ENDependence Center of Northern Virginia, Inc. (ECNV) - Empowering People to Live Independently.

Travel Training

ECNV Travel Trainer Rick LuckettJust what exactly is independent living? It means different things to everyone. No matter your definition of independent living, it will almost always involve the individual being in various locations at various times for various reasons.

Everyone, people with disabilities and without, needs to travel at times: to work, to do errands, to have fun, to have a social life, and for many other reasons. The Washington Metropolitan area is an area that is fortunate to have a great public transit system. That is one reason ECNV is proud to have a Travel Training Program.

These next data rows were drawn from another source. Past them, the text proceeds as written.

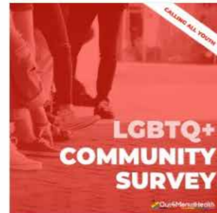
Community Survey Social Media - Youth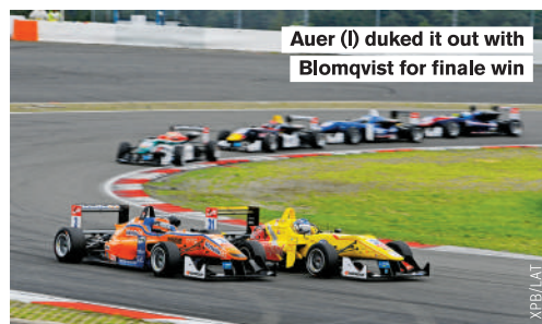
Auer (I) duked it out with Blomqvist for finale win

Ultimately it was that damp race-one drive that earned Verstappen his little bite out of Ocon's lead last weekend. Overcoming a 77-point deficit when he'll start two of the last six races no higher than 11th is a huge ask. But never say never in this series: there could be more twists to come.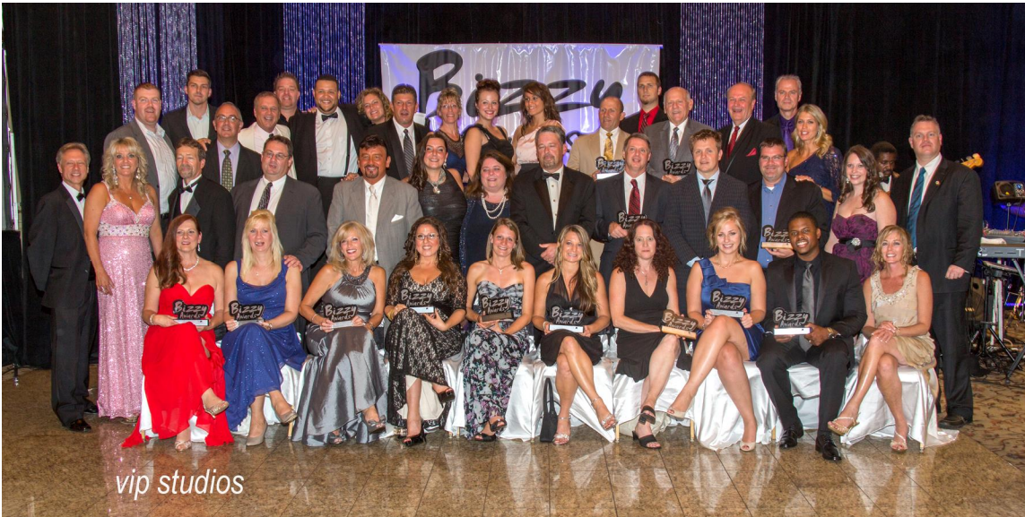
2013 Bizzy Awards Winners with family and friends

The 8th Annual Bizzy Awards was held on Thursday, September 12 th at the Chateau Resort & Conference Center in Tannersville. Awards were given in 12 categories and over 260 people were in attendance.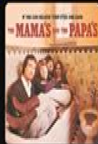
STATION California Dreamin' (Si...)

It has been in place since 2010 and is sponsored by the Washington Metropolitan Area Transit Authority (WMATA).

The ECNV Travel Training Program is for people with disabilities and/or older adults who want to learn to travel independently using public transportation in the Washington Metropolitan area. It is a multi-day, comprehensive, individualized program and trainees learn various travel skills that will enable them to utilize transportation.
Travel Trainers will work with you individually until you are confident and proficient in your travel skills and you feel comfortable that you have learned the best transit routes to travel to the places you want to go in the area.

The ECNV Travel Training Program has two full-time Travel Trainers. Rick Luckett who can be reached at 703-525-3268 (office), 703-835-4265 (cell), or rickl@ecnv.org and Selvin Garcia who can be reached at 703-525-3268 (office), 703-835-3907 (cell), or selving@ecnv.org (Selvin is fluent en Español and English) and you can get in touch with either of them to start the Travel Training process.

ECNV Travel Trainer Selvin GarciaThey will set up an appointment to come out to your house or to a place of your choosing to discuss your travel skills and goals; then starting from your first appointment, the actual Travel Training will last until you are able to travel safely and independently to your destination.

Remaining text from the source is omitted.